*What you are asked to do*
Beginning with the line of the entries below that holds "Decided to pop" and ending with the line that holds "胸元にシャーリングを寄せた、メリハリのあるサロペット。", transcribe each line exactly as written. Pictures stay out.

*Given records*
%%

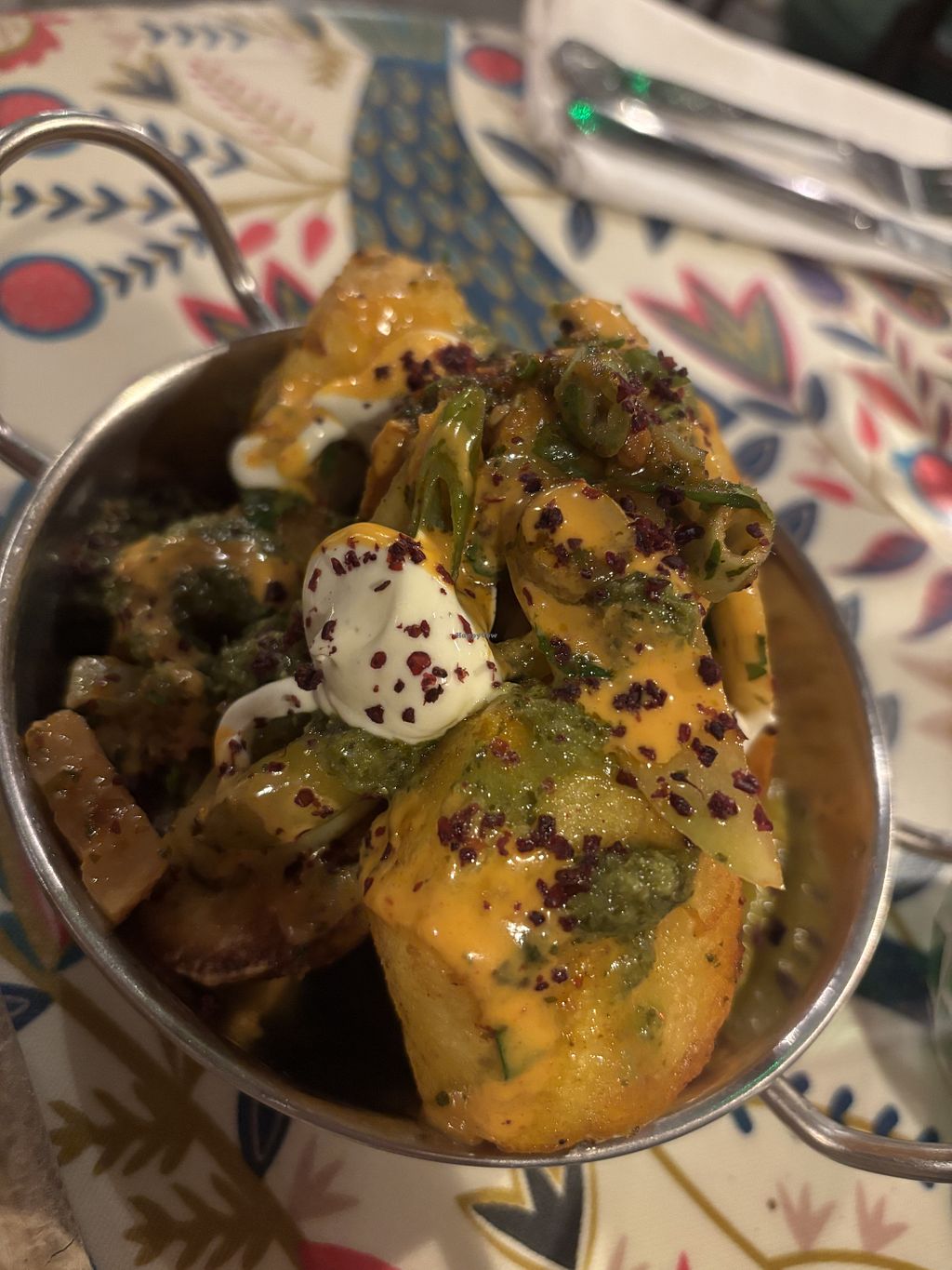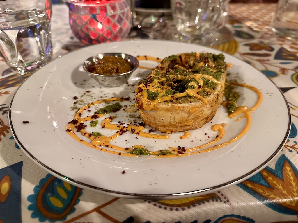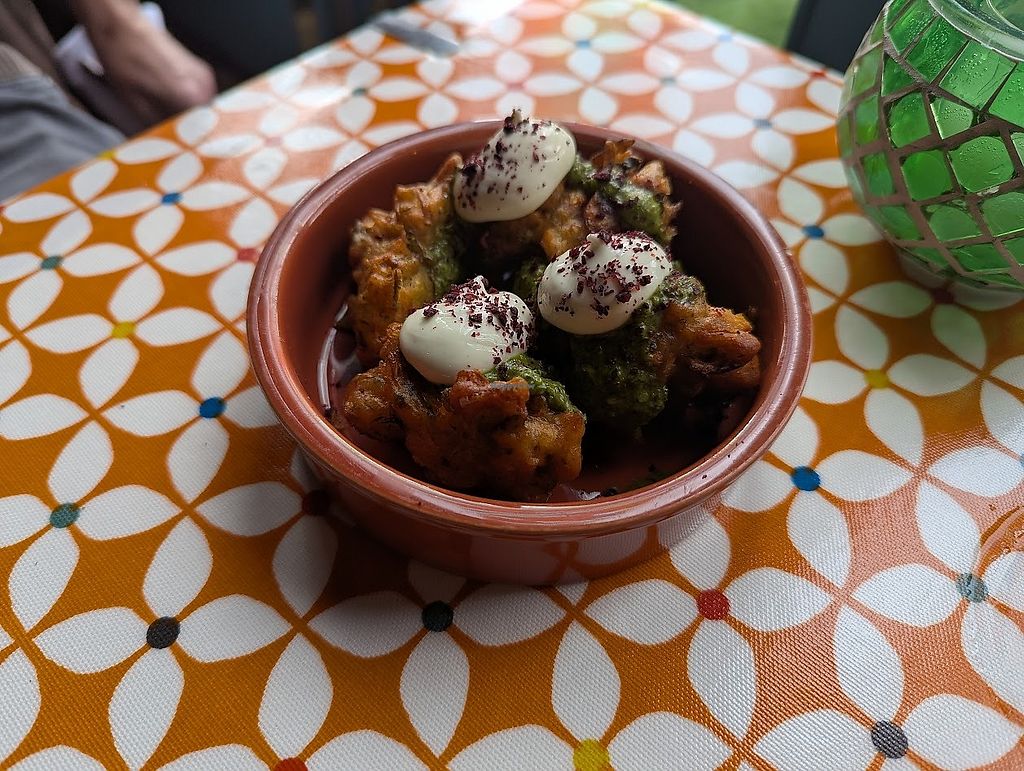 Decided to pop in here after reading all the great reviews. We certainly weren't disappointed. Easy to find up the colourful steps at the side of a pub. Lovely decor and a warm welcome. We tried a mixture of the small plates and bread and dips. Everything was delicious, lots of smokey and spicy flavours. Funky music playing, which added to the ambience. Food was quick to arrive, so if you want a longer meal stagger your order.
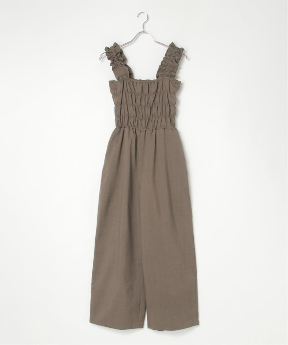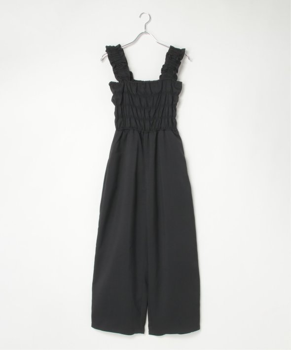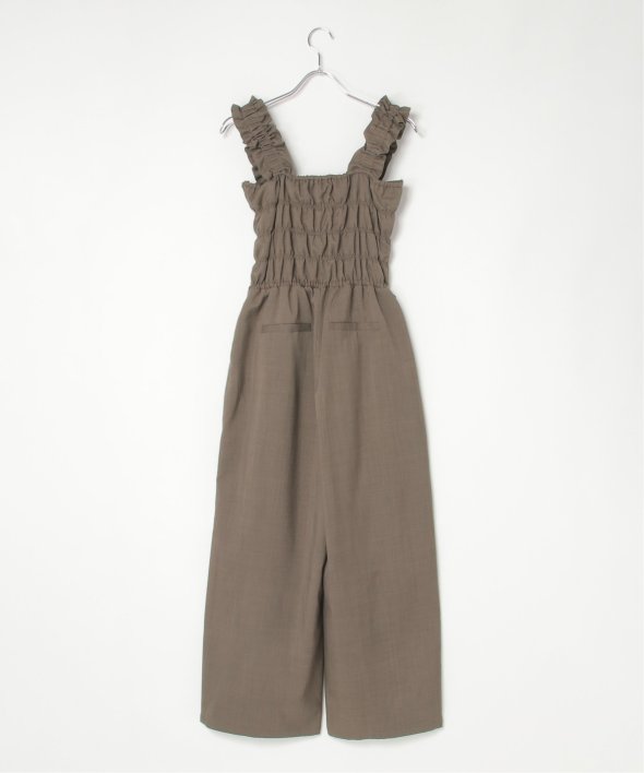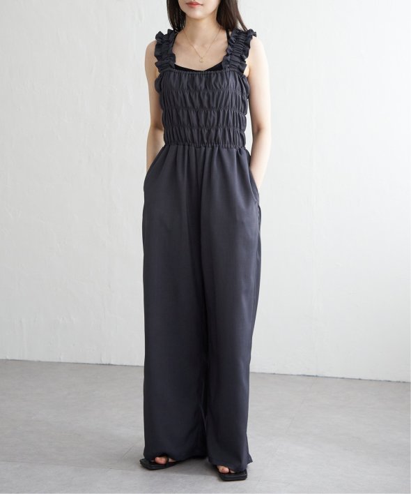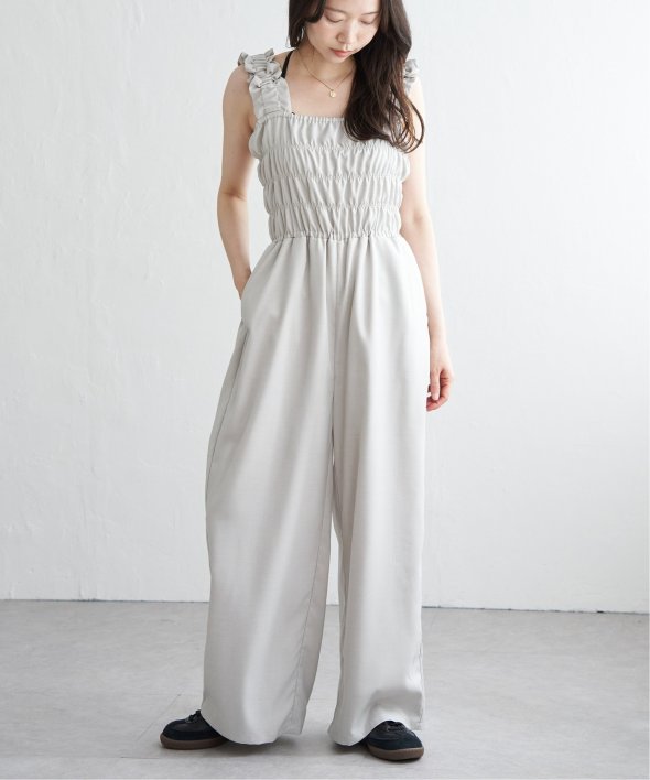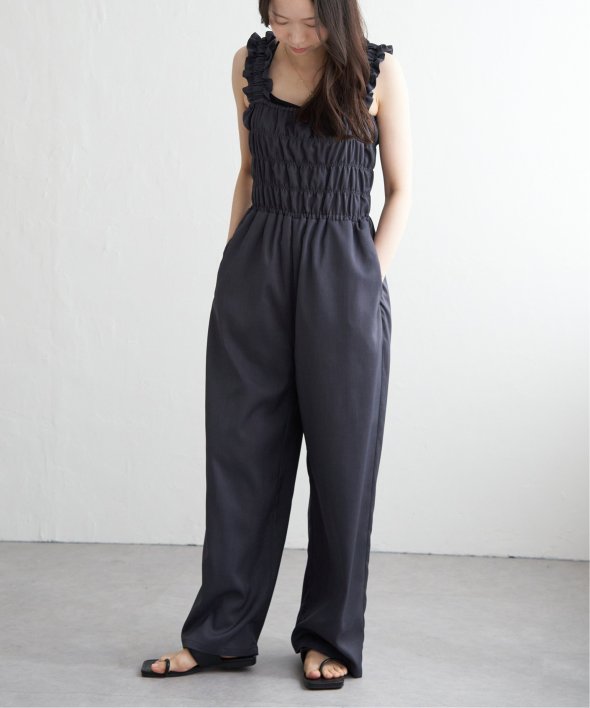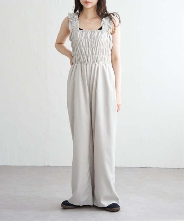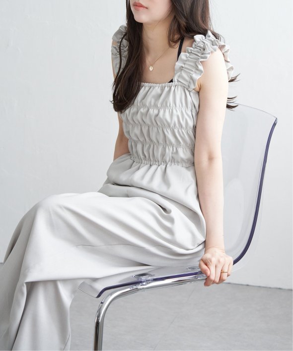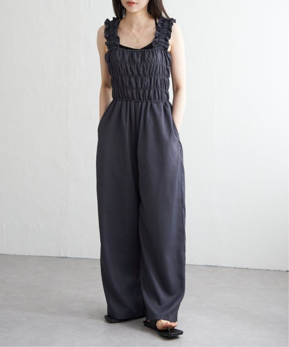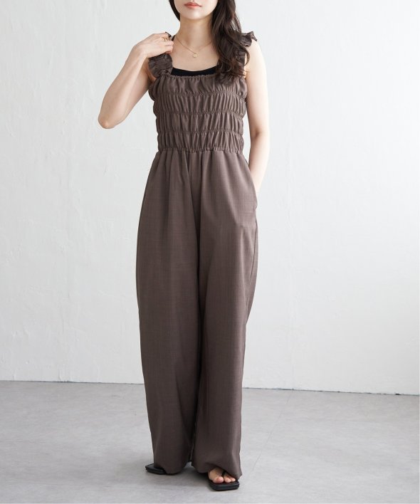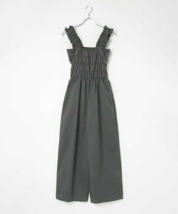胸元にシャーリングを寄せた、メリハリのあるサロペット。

%%
%%

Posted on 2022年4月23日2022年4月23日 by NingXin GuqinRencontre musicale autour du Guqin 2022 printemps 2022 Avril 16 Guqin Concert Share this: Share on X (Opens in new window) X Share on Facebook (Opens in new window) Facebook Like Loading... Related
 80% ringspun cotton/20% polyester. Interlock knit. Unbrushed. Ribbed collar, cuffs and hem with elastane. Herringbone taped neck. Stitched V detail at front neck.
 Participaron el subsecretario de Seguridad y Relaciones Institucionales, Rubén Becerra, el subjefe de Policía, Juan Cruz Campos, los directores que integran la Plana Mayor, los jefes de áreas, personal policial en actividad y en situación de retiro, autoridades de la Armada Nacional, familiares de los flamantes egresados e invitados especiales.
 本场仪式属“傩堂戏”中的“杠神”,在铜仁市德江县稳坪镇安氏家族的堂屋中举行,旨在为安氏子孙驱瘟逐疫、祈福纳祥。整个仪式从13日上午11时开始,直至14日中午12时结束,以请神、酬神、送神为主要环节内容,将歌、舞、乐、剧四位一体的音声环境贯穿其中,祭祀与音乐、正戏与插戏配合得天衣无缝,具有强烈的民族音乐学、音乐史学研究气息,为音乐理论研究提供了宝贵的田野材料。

%%

*Answer space*
 Decided to pop in here after reading all the great reviews. We certainly weren't disappointed. Easy to find up the colourful steps at the side of a pub. Lovely decor and a warm welcome. We tried a mixture of the small plates and bread and dips. Everything was delicious, lots of smokey and spicy flavours. Funky music playing, which added to the ambience. Food was quick to arrive, so if you want a longer meal stagger your order.
胸元にシャーリングを寄せた、メリハリのあるサロペット。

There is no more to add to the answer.